While the Fire Brigade was accused of delaying the start of operations, what was left unsaid was that the firemen were given an over three-decade-old plan of the building, which was completely different from what they stared at through the smoke and flames — over the years, innumerable alterations and additions had been made in passageways and offices, rendering them utterly unrecognizable.
Windows of at least 20 cars with beacons, parked on the approach road inside the complex, had to be smashed so their handbrakes could be disengaged and they could be moved manually or towed to make way for fire trucks.

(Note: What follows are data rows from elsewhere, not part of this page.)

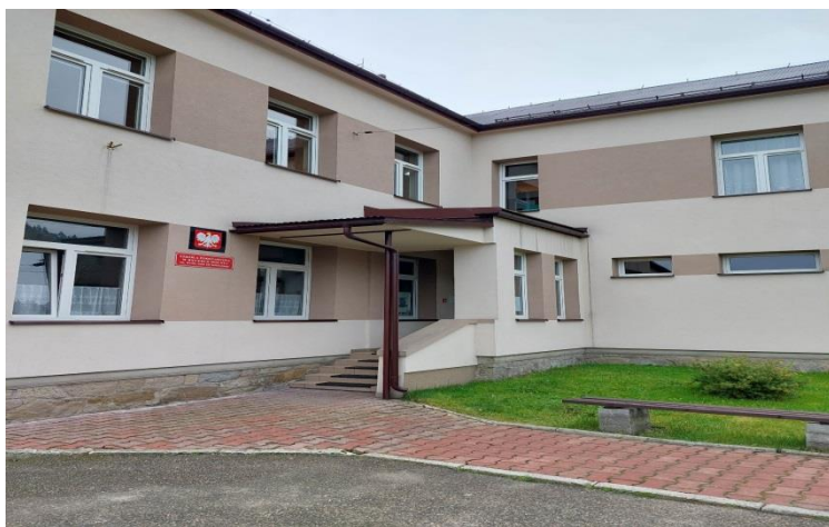
1) Szkoła Podstawowa wraz z oddziałem przedszkolnym im. Króla Jana III Sobieskiego w Rycerze Dolnej,

W roku szkolnym 2021/2022 w gminie Rajcza funkcjonowały następujące placówki publiczne: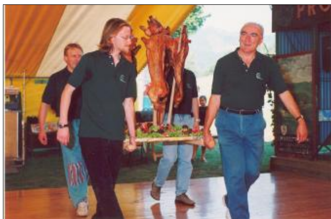
Sul palco arrivano i maialini, portati dai camerieri della Pro, pronti per essere consumati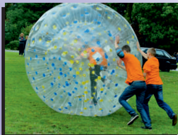
W turnieju sołectw trzeba było wykazać się różnymi umiejętnościami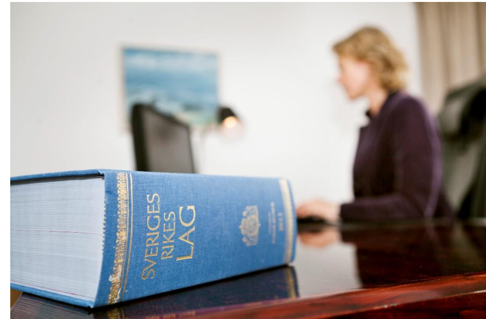
Scandinav: Astrakan images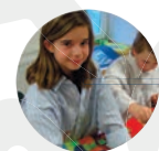
6 Jahre Grundschule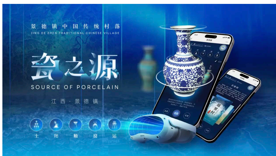
Figure 4. Digital presentation of Jingdezhen ceramics 图 4. 景德镇陶瓷数字化呈现 ②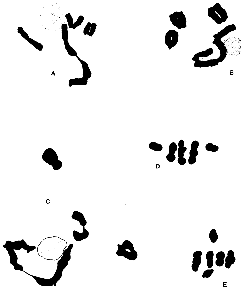
Fig. 1. — A, B y C, diacinesis en Glandularia stellaroides 55.5%, con formación de cadenas de cuatro cromosomas; D y E, metafase I en el mismo, con 4 II + 2 I. Todo \times 4.000

Las observaciones comprendieron los caracteres siguientes: asociaciones cromosómicas en diplotene-diacinesis y metafase I; distribuciones cromosómicas en metafase II; esporadas y granos de polen.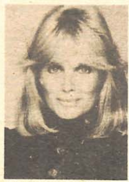
Linda Evans kao Kristi Karlington - zvijezda serije „Dinastija“

● U Holivudu je sada, maltene, panika i stalno iskrsavaju pretpostavke o tome „ko je sljedeći“, jer tamo „svako spava sa svakim“ - piše londonski list „Nju of d vorld“

"We could not find the drivers. Precious time was lost in doing this, and the fire spread quickly and turned into an inferno," a senior fire brigade official said.

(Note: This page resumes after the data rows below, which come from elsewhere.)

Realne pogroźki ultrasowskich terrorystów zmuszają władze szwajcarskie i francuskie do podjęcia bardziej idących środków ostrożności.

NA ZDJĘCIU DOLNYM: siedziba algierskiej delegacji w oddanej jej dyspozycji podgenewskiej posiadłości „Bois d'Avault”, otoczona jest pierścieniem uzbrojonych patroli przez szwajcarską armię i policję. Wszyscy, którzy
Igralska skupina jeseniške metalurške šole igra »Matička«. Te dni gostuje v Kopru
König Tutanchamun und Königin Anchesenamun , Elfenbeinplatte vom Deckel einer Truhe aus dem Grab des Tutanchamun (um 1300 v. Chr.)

The cars' beacons were both red — used by ministers and top IAS officers — and amber, used by IPS officers.
The firemen also discovered that there was no way for their trucks to enter the inner portion of the building. "We positioned eight snorkels on four sides of the building, but the part around the inner central courtyard could not be reached," the fire official said.
"Because the fire tenders could not enter, firefighters had to go in on foot with hose pipes. But beyond a certain point, the extreme heat and smoke checked movement. This is the portion in which the fire raged the longest," the official said.
Seventeen large and small hosepipes were used to direct water at the flames.
Fire safety norms mandate that at least nine metres of space around the building line should be concrete so that fire trucks can ring the building in a fire. At Mantralaya, more than half of this area is a grassy patch.